Problem of the day
You are given N number of intervals, where each interval contains two integers denoting the start time and the end time for the interval.
The task is to merge all the overlapping intervals and return the list of merged intervals sorted by increasing order of their start time.
Two intervals [A,B] and [C,D] are said to be overlapping with each other if there is at least one integer that is covered by both of them.
For example:
For the given 5 intervals - [1, 4], [3, 5], [6, 8], [10, 12], [8, 9].
Since intervals [1, 4] and [3, 5] overlap with each other, we will merge them into a single interval as [1, 5].
Similarly, [6, 8] and [8, 9] overlap, merge them into [6,9].
Interval [10, 12] does not overlap with any interval.
Final List after merging overlapping intervals: [1, 5], [6, 9], [10, 12].
The first line of input contains an integer N, the number of intervals.
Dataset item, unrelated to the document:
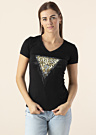 Женская футболка от Guess с V-образным вырезом и короткими рукавами выполнена в простом и стильном дизайне. На передней части футболки изображён эффектный принт с тигром, который придаёт модели уникальность. Рост модели составляет 176 см, и она носит размер S.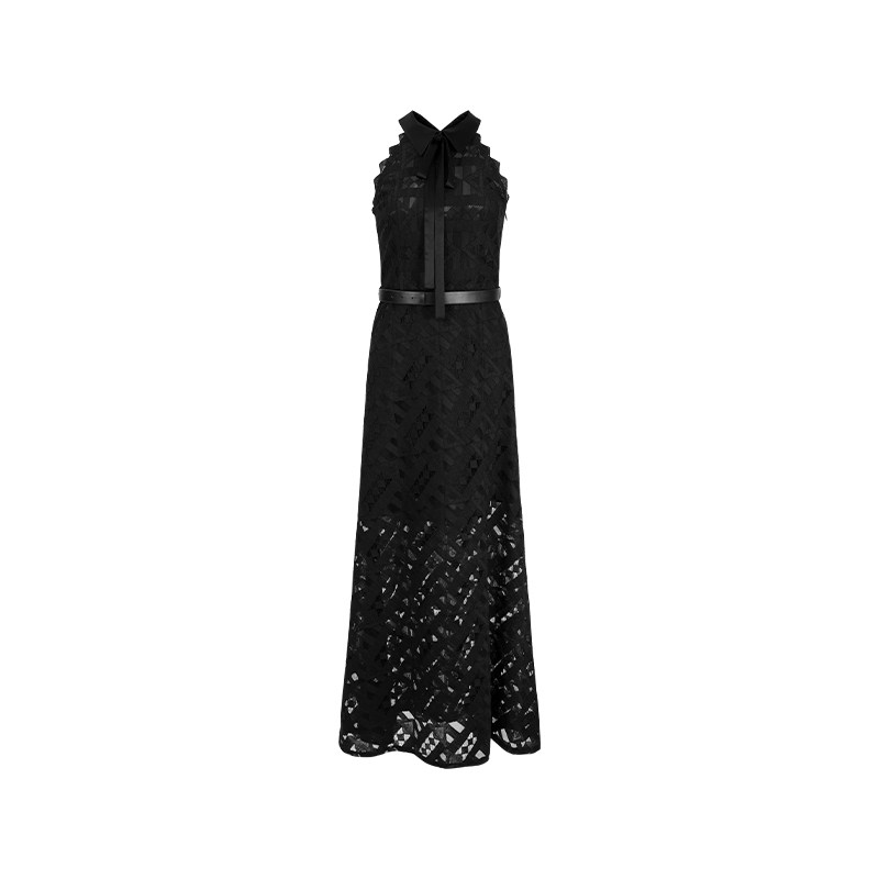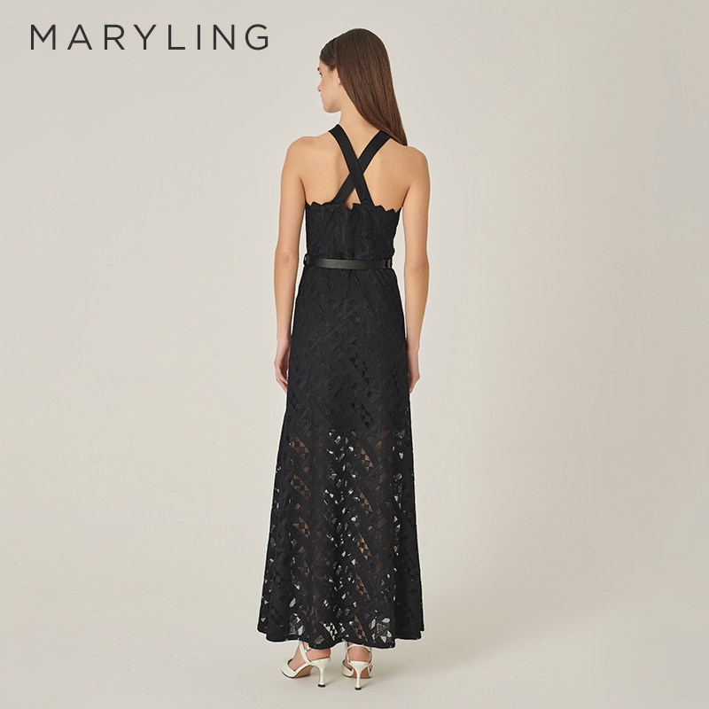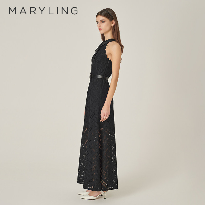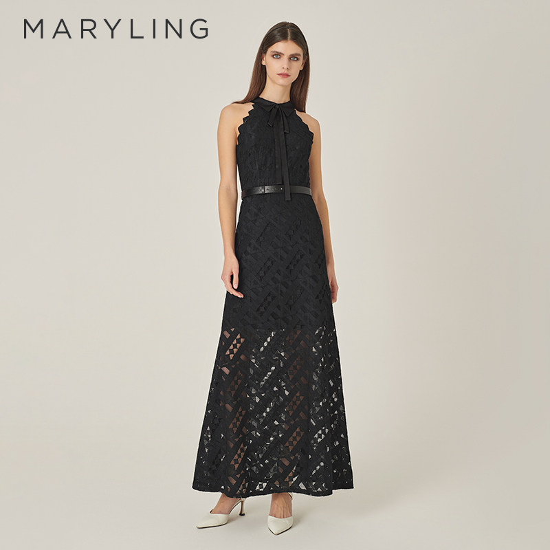 MARYLING玛俪琳初秋新品黑色小翻领蕾丝鱼尾礼服裙A1EFW68010

The second line of input contains N integers, i.e. all the start times of the N intervals.
The third line of input contains N integers, i.e. all the end times of the N intervals.
Output Format:
Print S lines, each contains two single space-separated integers A, and B, where S is the size of the merged array of intervals, 'A' is the start time of an interval and 'B' is the end time of the same interval.
Note
You do not need to print anything, it has already been taken care of. Just implement the given function.
1 <= N <= 10^5
0 <= START, FINISH <= 10^9
Time Limit: 1sec
2
1 3
3 5
1 5
Since these two intervals overlap at point 3 so we merge them and the new interval becomes (1,5).
5
1 3 6 8 10
4 5 8 9 12
1 5
6 9
10 12
For each interval check all intervals and merge the overlapping ones.
In the brute force approach, mark each interval as non visited. Now for each non-visited interval, while there exists an overlapping interval with the current interval we will merge both intervals, update the current interval with the largest of both intervals, and mark them visited.
Note: Two intervals will be considered to be overlapping if the start time of one interval is less than or equal to the finish time of another interval, and greater than or equal to the start time of that interval.
O(N^2), where N is the number of intervals.
In the worst case, for each interval, we will be checking all other intervals.
O(N), where N is the number of intervals.
In the worst case, we will be using an extra array of size N to mark intervals visited.